Don't use this class directly! Instead ask Mail::Field for new instances based on the field name!

Mail::Field::Received provides subroutines for parsing Received headers from e-mails. It mostly complies with RFC822, but deviates to accommodate a number of broken MTAs which are in common use. It also attempts to extract useful information which MTAs often embed within the "(comments)".

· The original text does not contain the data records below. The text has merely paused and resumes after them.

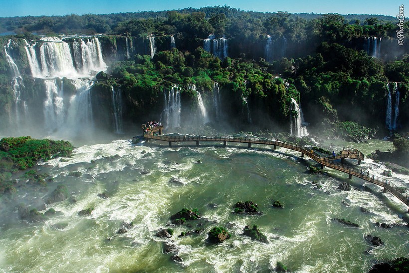 257 многоуровневых водопадов впадают в реку Парана, охватывающую границу между Аргентиной и Бразилией. Индейцы гуарани дали этим водопадам название Игуасу, что означает «большие воды». Отсюда можно увидеть самый свирепый из всех водопадов — «Горло Дьявола».
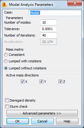 Click Advanced parameters >> to access additional modal analysis parameters for a load case:
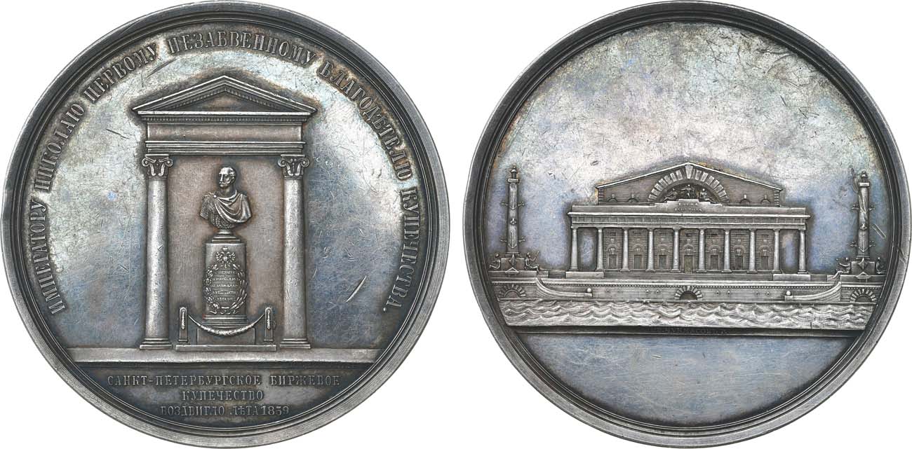 Серебро. 147,88г. Диаметр 78 мм. Санкт-Петербургский монетный двор. Медальер И.И. Чукмасов (на аверсе слева на линии обреза "Н.ПИМЕНОВЪ.", справа на линии обреза "ИВ.ЧУКМАСОВЪ Р."; на реверсе на линии обреза на 6 часов "ИВ.ЧУКМАСОВЪ Р."). Смирнов 622. Дьяков 682.1(R3). AU/UNC.
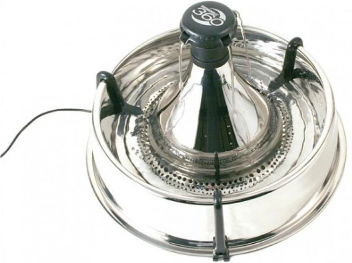 PetSafe Drinkwell 360 Stainless Steel Pet Fountain is een RVS drinkfontein. Deze waterfontein circuleert en filtert continu het water van jouw hond of kat, waardoor het schoner en frisser blijft dan in een normale waterbak. Deze fontein biedt 3,8 liter vers, gefilterd water in een RVS ontwerp dat gemakkelijk schoon te maken is! Het ronde ontwerp maakt hem gemakkelijk van alle kanten benaderbaar. Meerdere vrijvallende waterstromen (zoals water uit de kraan) voegen zuurstof toe voor frisheid en moedigen huisdieren aan om meer te drinken.
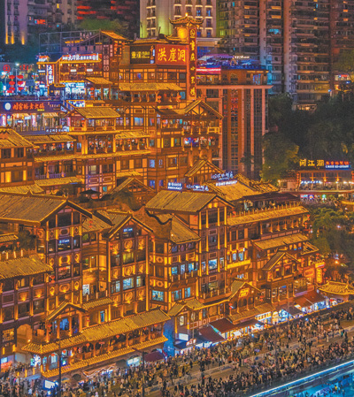 重慶洪崖洞景區燈光璀璨,遊客如織。景區內火鍋店眾多,吸引人們前來品嚐。
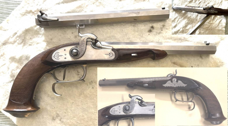 Verkaufe aus einen Nachlass eine gebrauchte Le Page Target Standard Perkussion Pistole von Petersoli mit zwei Läufe Kal. 31 & 44
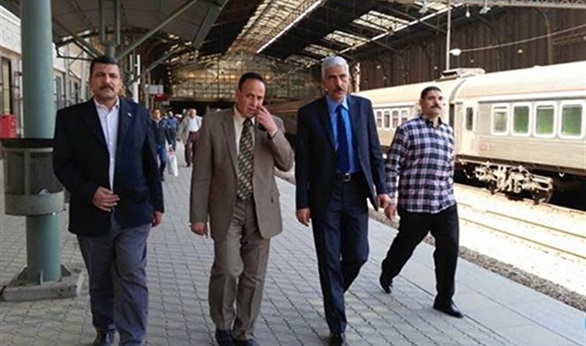 توجه المهندس مدحت شوشة رئيس هيئة السكة الحديد، إلى محطة الجيزة ومعه المسئولين عن المحطات.
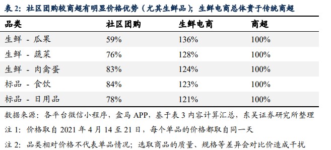 不过,尽管市场监管已对这种恶性竞争出手,社区团购的价格整体上仍然便宜于普通的生鲜电商和本地商超。据东吴证券研报显示,以线下连锁商超价格为基准,社区团购要在整体上便宜20%-25%。

It is a subclass derived from the Mail::Field and Mail::Field::Generic classes.

ROUTINES

  • debug

    Returns current debugging level obtained via the "diagnostics" method. If a parameter is given, the debugging level is changed. The default level is 3.

  • diagnose

      $received->diagnose("foo", "\n");
    

    Appends stuff to the parser's diagnostics buffer.

  • diagnostics

      my $diagnostics = $received->diagnostics();
    

    Returns the contents of the parser's diagnostics buffer.

  • parse

    The actual parser. Returns the object (Mail::Field barfs otherwise).

  • parsed_ok

      if ($received->parsed_ok()) {
        ...
      }
    

    Returns true if the parse succeed, or if it failed, but was permitted to fail for some reason, such as encountering evidence of a known broken (non-RFC822-compliant) format mid-parse.

  • parse_tree

      my $parse_tree = $received->parse_tree();
    

    Returns the actual parse tree, which is where you get all the useful information. It is returned as a hashref whose keys are strings like `from', `by', `with', `id', `via' etc., corresponding to the components of Received headers as defined by RFC822:

      received    =  "Received"    ":"            ; one per relay
                        ["from" domain]           ; sending host
                        ["by"   domain]           ; receiving host
                        ["via"  atom]             ; physical path
                       *("with" atom)             ; link/mail protocol
                        ["id"   msg-id]           ; receiver msg id
                        ["for"  addr-spec]        ; initial form
                         ";"    date-time         ; time received
    

    The corresponding values are more hashrefs which are mini-parse-trees for these individual components. A typical parse tree looks something like:

      {
       'by' => {
                'domain' => 'host5.hostingcheck.com',
                'whole' => 'by host5.hostingcheck.com',
                'comments' => [
                               '(8.9.3/8.9.3)'
                              ],
               },
       'date_time' => {
                       'year' => 2000,
                       'week_day' => 'Tue',
                       'minute' => 57,
                       'day_of_year' => '1 Feb',
                       'month_day' => ' 1',
                       'zone' => '-0500',
                       'second' => 18,
                       'hms' => '21:57:18',
                       'date_time' => 'Tue, 1 Feb 2000 21:57:18 -0500',
                       'hour' => 21,
                       'month' => 'Feb',
                       'rest' => '2000 21:57:18 -0500',
                       'whole' => 'Tue, 1 Feb 2000 21:57:18 -0500'
                      },
       'with' => {
                  'with' => 'ESMTP',
                  'whole' => 'with ESMTP'
                 },
       'from' => {
                  'domain' => 'mediacons.tecc.co.uk',
                  'HELO' => 'tr909.mediaconsult.com',
                  'from' => 'tr909.mediaconsult.com',
                  'address' => '193.128.6.132',
                  'comments' => [
                                 '(mediacons.tecc.co.uk [193.128.6.132])',
                                ],
                  'whole' => 'from tr909.mediaconsult.com (mediacons.tecc.co.uk [193.128.6.132])
    '  
                 },
       'id' => {
                'id' => 'VAA24164',
                'whole' => 'id VAA24164'
               },
       'comments' => [
                      '(mediacons.tecc.co.uk [193.128.6.132])',
                      '(8.9.3/8.9.3)'
                     ],
       'for' => {
                 'for' => '<[email protected]>',
                 'whole' => 'for <[email protected]>'
                },
       'whole' => 'from tr909.mediaconsult.com (mediacons.tecc.co.uk [193.128.6.132]) by host5.hostingcheck.com (8.9.3/8.9.3) with ESMTP id VAA24164 for <[email protected]>; Tue, 1 Feb 2000 21:57:18 -0500'
      }
    

BUGS

Doesn't use Parse::RecDescent, which it maybe should.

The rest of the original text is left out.